Saw the same thing on a SG training slide from a regional last fall. The only difference was the pay was less and they wanted bee/wasp nests and bird nests removed as well. Needless to say I'm not working for them.


----------



## Zoly (Feb 2, 2013)

I've been doing solely inspections lately. No charge backs on those and I'm working with Cyprexx, 5Brothers, SG, and MCS so I always have enough to keep me busy. I wouldn't mind doing lawn services though.


----------



## GTX63 (Apr 12, 2012)

I suppose this won't apply to the new sub they hired who cuts the 16" grass with the discharge chute wired open on his 38" Yardman and slings the wet grass against the side of the house.


----------



## Valley (Mar 12, 2013)

I did work for Cyprexx about 10 to 12 years ago. The first thing that happened " i crossed the line and told them i needed an increase to help cover the cost of gas " because gas prices had gotten out of control.

There response was " if we give you an increase to help cover the cost,what guarantee do we have you would pay it back when the prices drop ? " 

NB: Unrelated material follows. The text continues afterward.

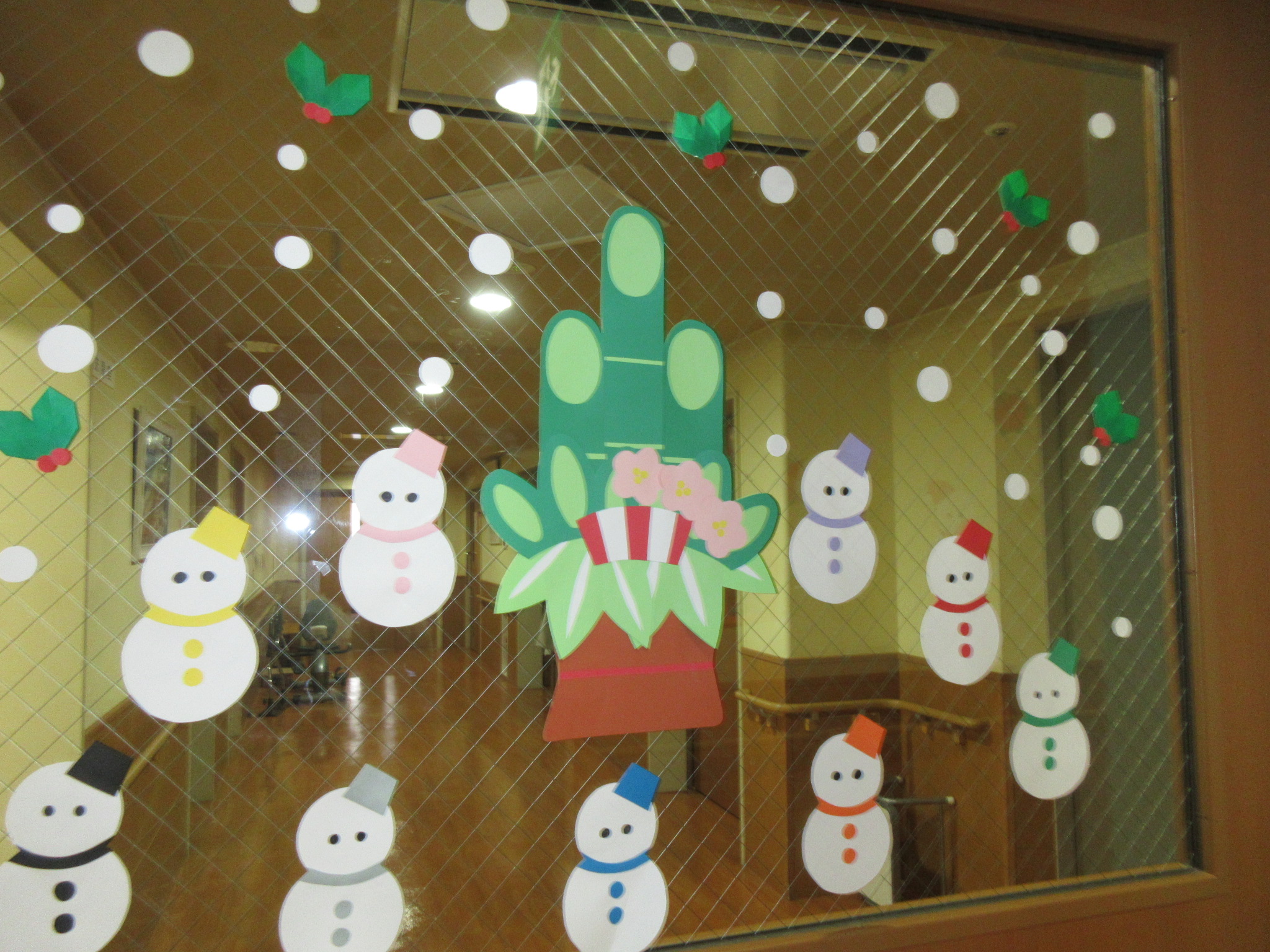 入居者様が作ったクリスマスツリーを慎重に壁に飾りました。

Seriously , if i asked for an increase because of high prices, why would i pay it back?


The second thing that happened was we had been making some nice money from them. One day the check arrived and it was half of what it should have been. I called and spoke to the PA rep and she explained in full detail. " we were making so much money has a non incorporated company they had to pay us from a different fund.Therefore they had to charge administrative fee".They started taking an additional 23% from each invoice. So long money,So long Cyprexx


----------



## nurumkin (Sep 28, 2012)

*re*



Valley said:


> The second thing that happened was we had been making some nice money from them. One day the check arrived and it was half of what it should have been. I called and spoke to the PA rep and she explained in full detail. " we were making so much money has a non incorporated company they had to pay us from a different fund.Therefore they had to charge administrative fee".They started taking an additional 23% from each invoice. So long money,So long Cyprexx



when I was subbing I had a guy tell me "now that you own all this new equipment and your volume has gone up so much I'm going to need you to start cutting your cost, because as a contractor you should never make more then about $30 hr"


----------



## Valley (Mar 12, 2013)

nurumkin said:


> when I was subbing I had a guy tell me "now that you own all this new equipment and your volume has gone up so much I'm going to need you to start cutting your cost, because as a contractor you should never make more then about $30 hr"




Did you tell him, "dont worry if you need milk money i got you covered?"

I cant post here what i would have told him,lol


----------



## GTX63 (Apr 12, 2012)




----------



## kcbnc (Mar 6, 2013)

I would love to have told some past suppliers that, but I couldn't. They didn't work for me. I did however tell a few of them that I felt as if it was time to re-negotiate the terms of our contractual commitment. That worked.


----------